Work task: Repeat, exactly as they appear, the lines from the one with "Vyond doesn't support." through the last line of the entries below, but none of the pictures.

[Opening Source information section]

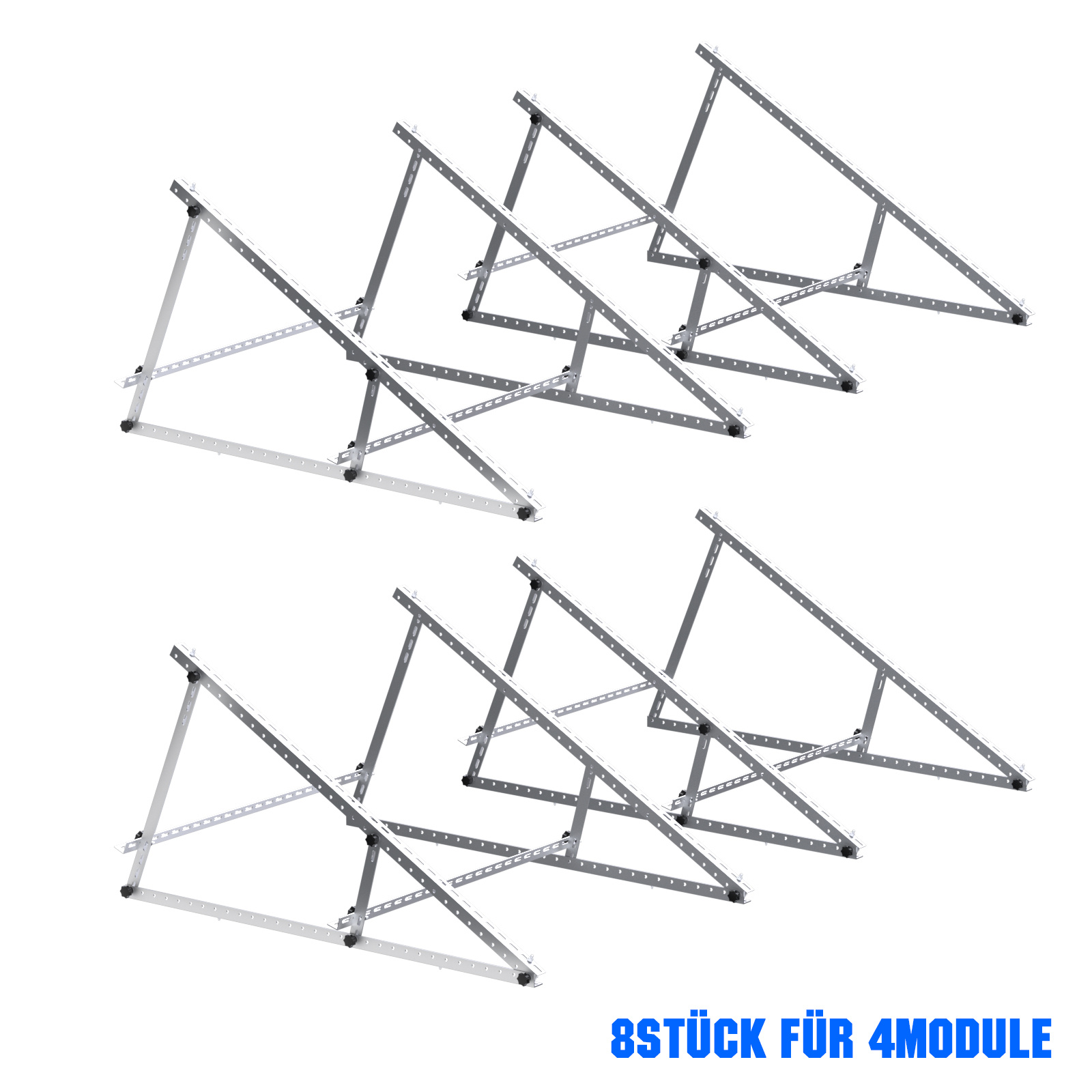 Support pour panneaux solaires 118 cm (46 pouces), 8 pièces, pour toit plat, destiné à 4 modules solaires (centrale solaire de balcon). Inclinaison 0°-90°, fixation pour panneaux solaires, 0 % de TVA
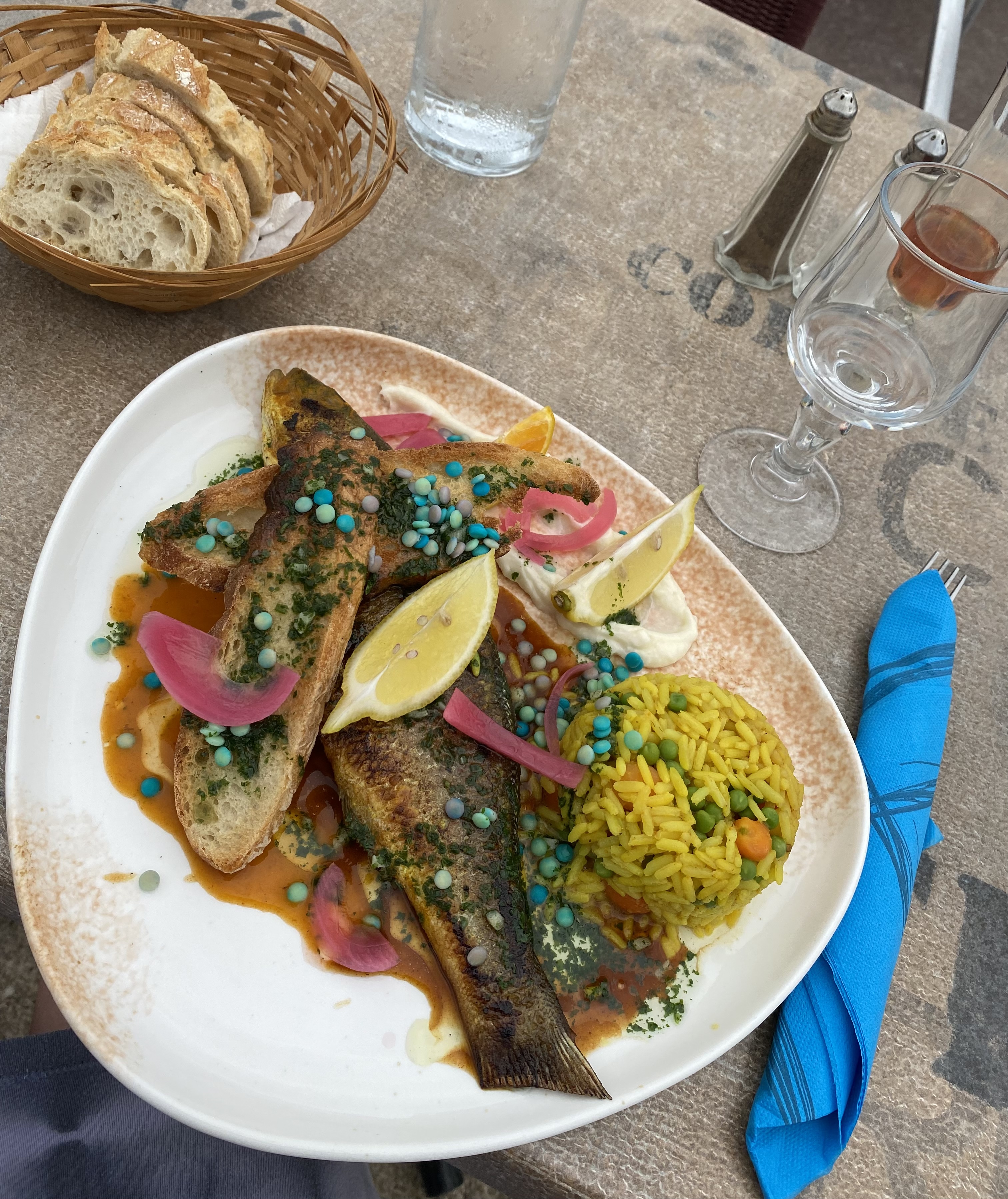 Trois fois cette semaine nous sommes allés y manger et trois fois avons été enchanté! Nous y avons trouvé gentillesse sourire patience une jolie vue sur le port calme. Des plats excellents du début à la fin. Une cuisine parfaite avec une cuisson parfaite. Que ce soit encornet 🐙 gambas 🦐 ou mulet 🐟 venant de la criée du matin Je recommande vivement cet endroit.
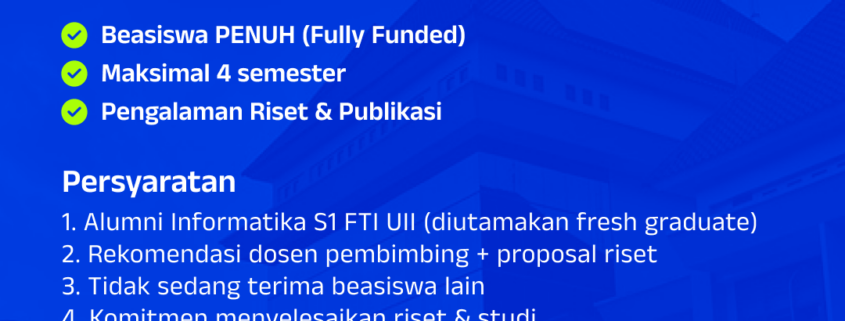 Bersama ini kami memberitahukan bahwa Program Studi Informatika Program Magister FTI UII menawarkan skema Research Assistant dengan beasiswa studi yang ditujukan bagi calon mahasiswa yang merupakan alumni Program Studi Informatika Program Sarjana FTI UII. Beasiswa yang diterima berupa biaya studi penuh (fully funded) selama maksimal 4 (empat) semester. Syarat bagi pendaftar Research Assistant sebagai berikut:
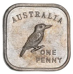 GEORGE V, Melbourne Mint pattern square, cupro-nickel kookaburra penny 1919, by Stokes & Son (R. ...
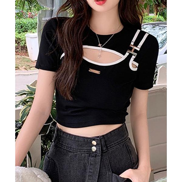 tシャツ 胸元カットアウト配色バインダーショート丈Tシャツ レディース
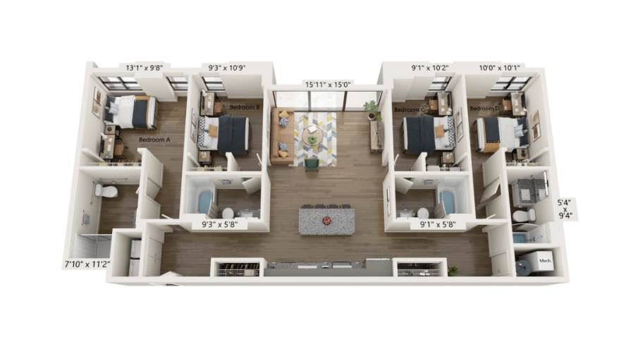 Bedroom D is to the far right of this image.
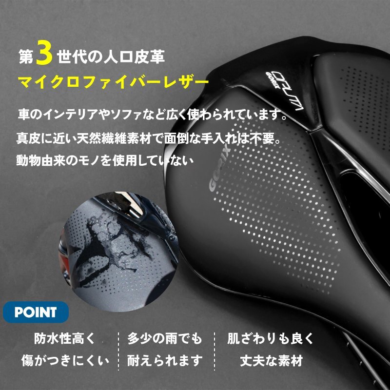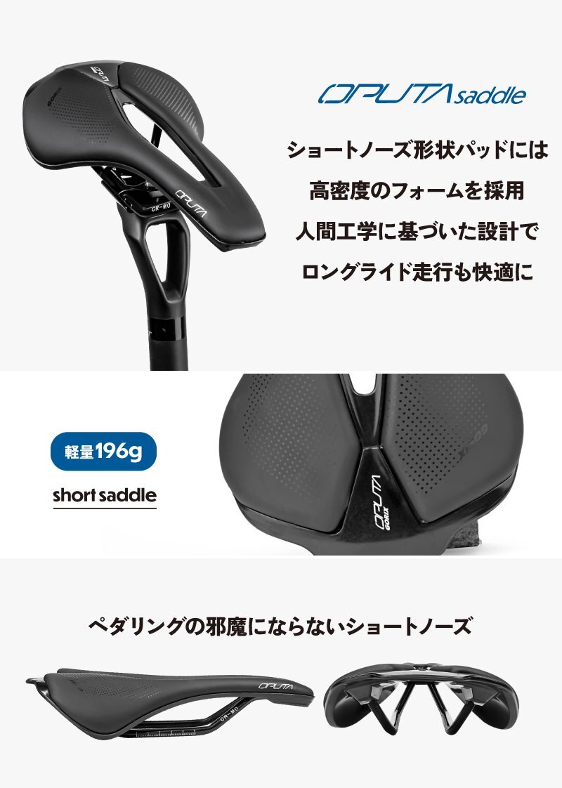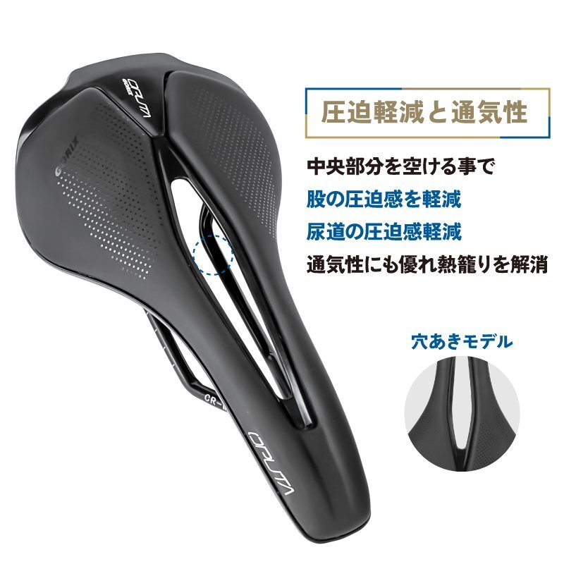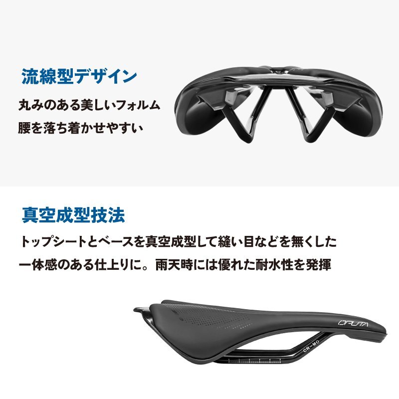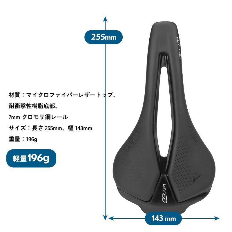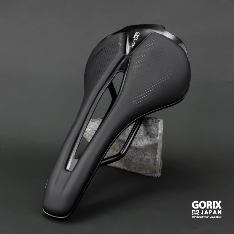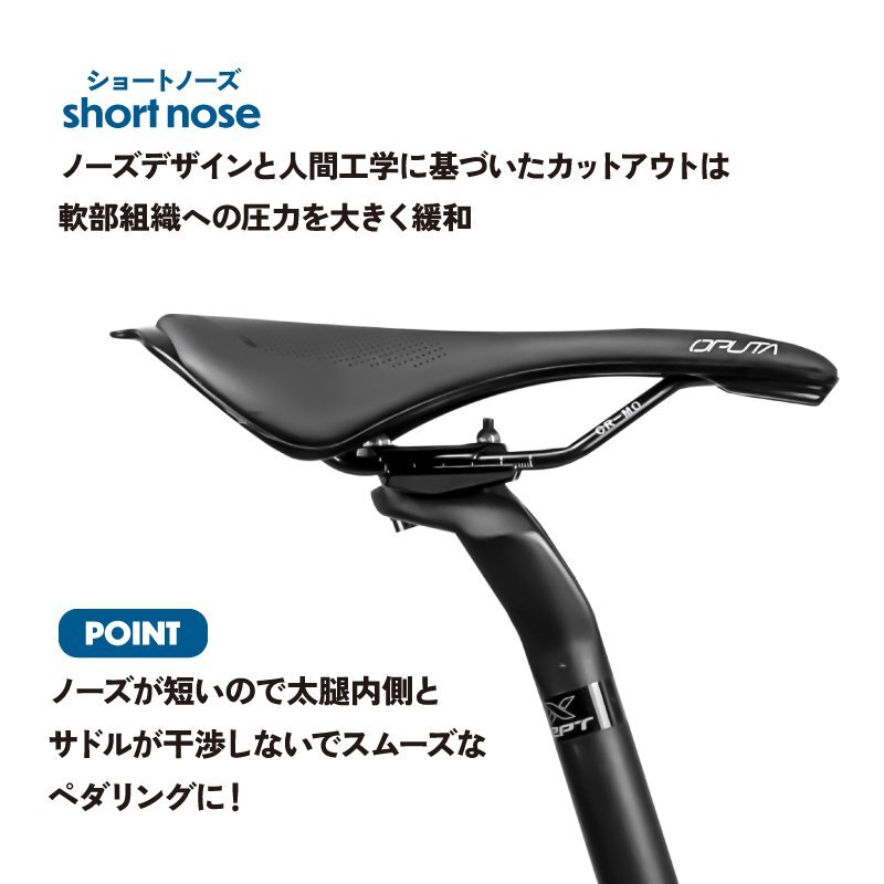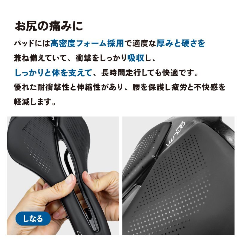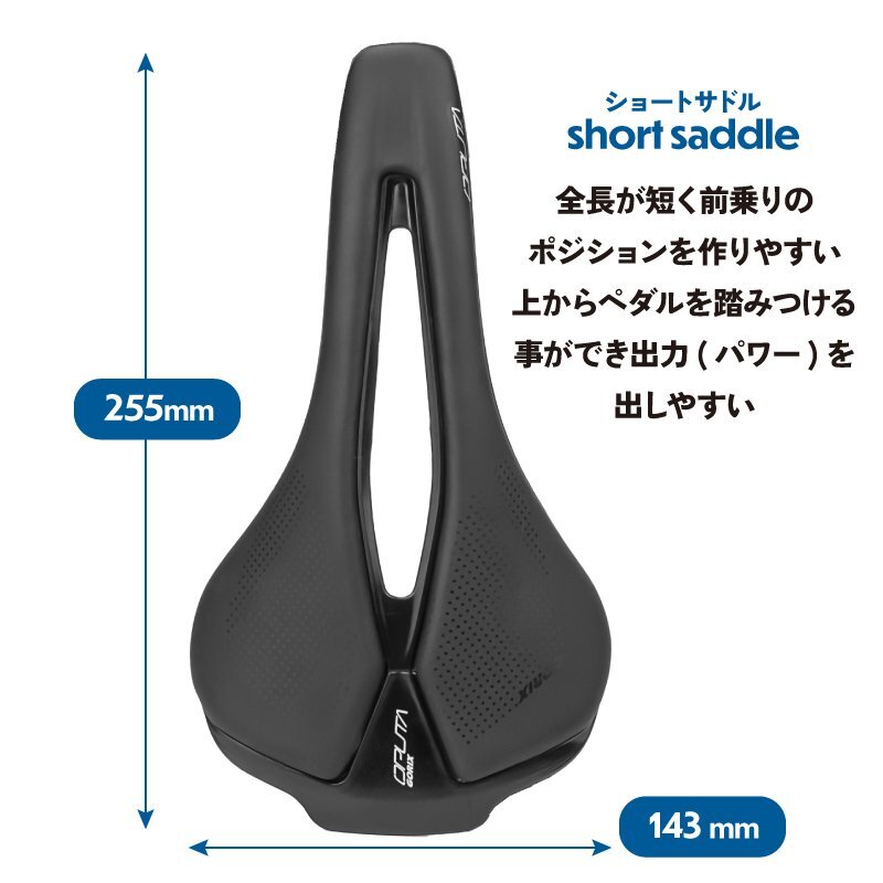 ロードバイクやクロスバイク、マウンテンバイクなどスポーツ自転車に最適なサドル ポジションが作りやすいとされるショートサドルは近年人気があります。 ショートノーズ形状で人間工学に基づいたカットアウトは軟部組織への圧力を大きく緩和ペダリングがスムーズに。 スタイリッシュでぼたつかないおしゃれなスマートデザインはどんな自転車にもマッチ。 真空成型技法でトップシートとベースを真空成型して縫い目などを無くした一体感のある仕上りに。雨天時には優れた耐水性を発揮。 マイクロファイバーレザーは扱いやすい素材となっています。 またサドル座面のパッドには高密度のフォームを採用し程よく厚みがありクッション性もあります。 [ショートサドル] 全長が短く幅が広い形状 前乗りの時、ペダリングを妨げず高速巡行も違和感なく行えます。 [ショートノーズ] 流行りのショートノーズ形状 内腿に干渉しないで脚を動かしやすいのでペダリングがスムーズに。 [穴あき形状] 中央部分をくり抜いた穴あき形状なので、股への圧迫感や尿道の圧迫感を軽減。 熱籠りも抑えて通気性もよくなっています。 [お尻の痛みに] パッドには高密度のフォームが採用で適度な厚みと硬さを兼ね備えていて、衝撃をしっかり吸収し、しっかりと体を支えて、長時間走行しても快適です。 優れた耐衝撃性と伸縮性があり、腰をしっかりと保護し疲労と不快感を軽減します。 [マイクロファイバーレザー] 第3世代の人工皮革 家具のソファなど広い分野で使わられています。 真皮に近い天然繊維素材で面等な手入れは不要。動物由来のモノを使用していない。 [防水性高い] 防水性も高く傷がつきにくい。肌触りは良く、丈夫。 多少の雨でも耐えられます。 商品内容サドル サイズ長さ255mm、幅143mm 重量196g 材質マイクロファイバーレザートップ、 耐衝撃性樹脂底部、7mmクロモリ鋼レール | |
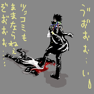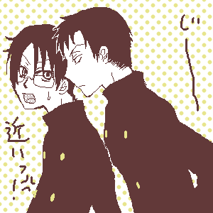 昨日、三時間ほど掛けて描いた絵を慌てて投稿しようと思いいらないレイヤーを削除していたら誤って統合した画像を削除してしまいました。…も、もう絵板で三時間以上掛けるのは止めよう…orz因みにコレは一時間半位。もっとはよ描けるようにならねば! 学校課題が非常にやばい感じなんですが、他のものに現を抜かしております。投稿用でもなく、イベ合わせ原稿でもなく…ディノヒバin陰間茶屋パラレル!!(死) いや、ちょ、呆れないで下さい!最初は相方と「(笑)」って感じにパラレルの王道について話してたんです。で、つい、萌えた。や、内容が無ければスルー出来たんですが、それも話してて出来ちゃって今のところネームが30p位になったんですけどねぇ…書き留めときたいのがあと30p位は堅い感じで; …ネームくらい余裕で一日に15p位出来るようにもなりたいなぁ。 というか、 成 れ という。 七月二日拍手有り難う御座いました!がんばります!
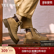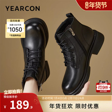 意尔康女鞋冬季羊皮复古户外休闲加绒马丁靴粗跟英伦风短靴小个子
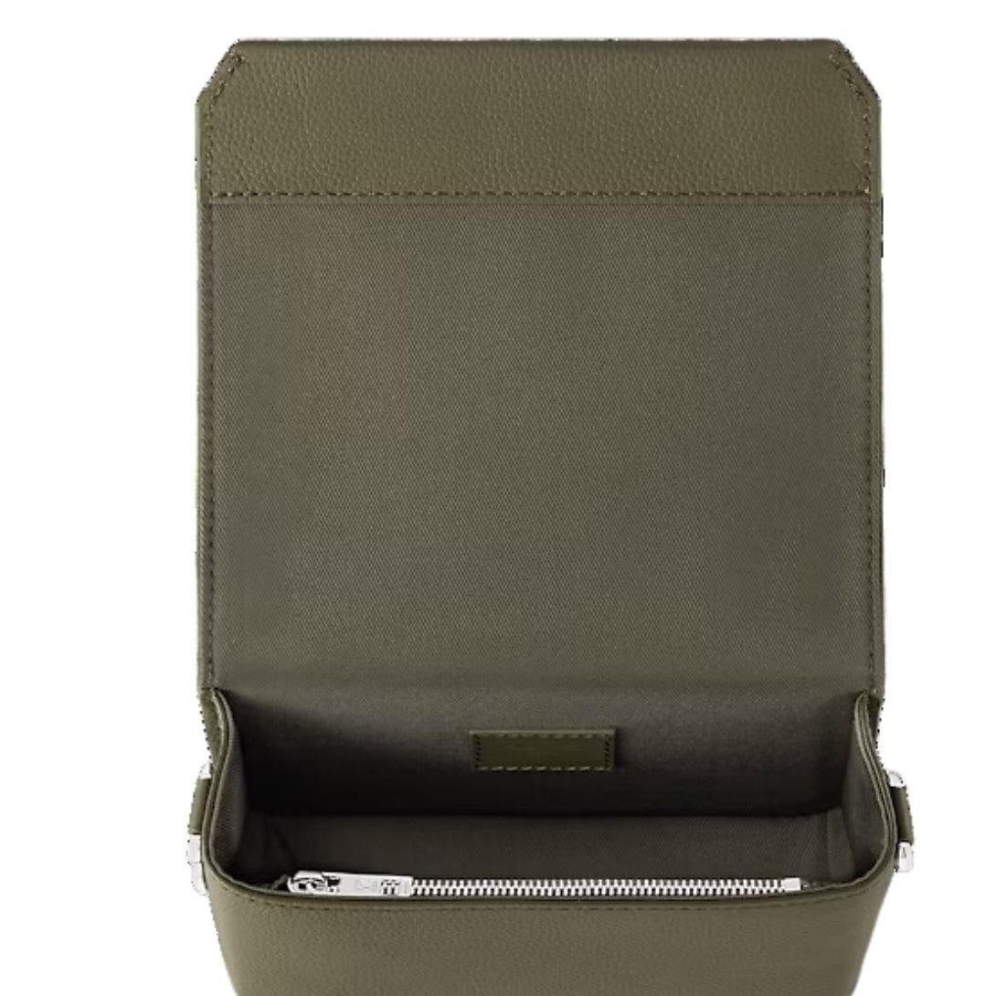 Measuring 6.8 x 4.7 x 2.8 inches, the LOUIS VUITTON FASTLINE WEARABLE WALLET offers a spacious main compartment secured by a magnetic flap closure, ensuring your valuables are safe and easily accessible. The interior includes a zipped pocket for added security and organization, while an exterior back pocket provides convenient access to frequently used items.
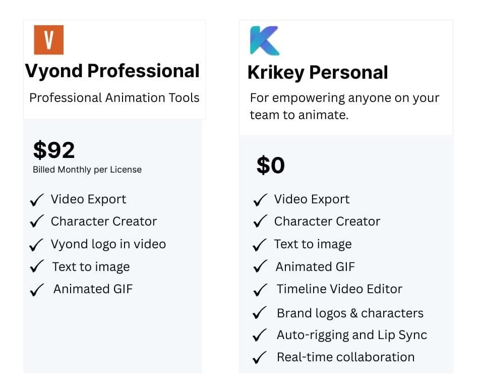 ✅ Vyond comparison: Krikey AI offers more export format flexibility, including 3D model files (FBX) that Vyond doesn't support.
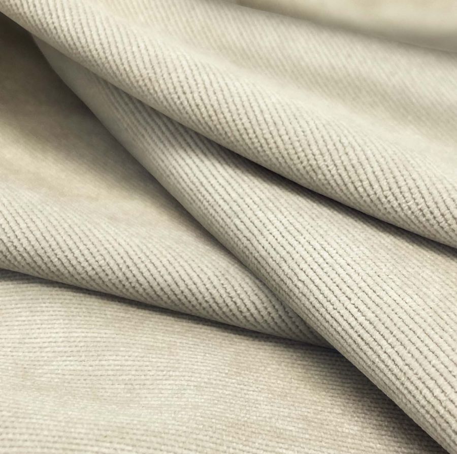 La tela base es Pana Aterciopelada - Dublin, compuesta por 85% de poliéster, 12% de poliamida y 3% de elastano, con un peso de 280 gr/m2 y un ancho de 150 cm. Está impresa con un color liso en tonalidades de crudo y marfil suave, compuesto por 4% de tinta cyan, 6% de tinta magenta, 23% de tinta yellow y 0% de tinta black, lo que resulta en un CMYK de 4 6 23 0. Este color da un aspecto suave, cálido y natural, y combina especialmente bien con otros tonos tierra o neutros.

[Closing Source information section]

Response:
 ✅ Vyond comparison: Krikey AI offers more export format flexibility, including 3D model files (FBX) that Vyond doesn't support.
 La tela base es Pana Aterciopelada - Dublin, compuesta por 85% de poliéster, 12% de poliamida y 3% de elastano, con un peso de 280 gr/m2 y un ancho de 150 cm. Está impresa con un color liso en tonalidades de crudo y marfil suave, compuesto por 4% de tinta cyan, 6% de tinta magenta, 23% de tinta yellow y 0% de tinta black, lo que resulta en un CMYK de 4 6 23 0. Este color da un aspecto suave, cálido y natural, y combina especialmente bien con otros tonos tierra o neutros.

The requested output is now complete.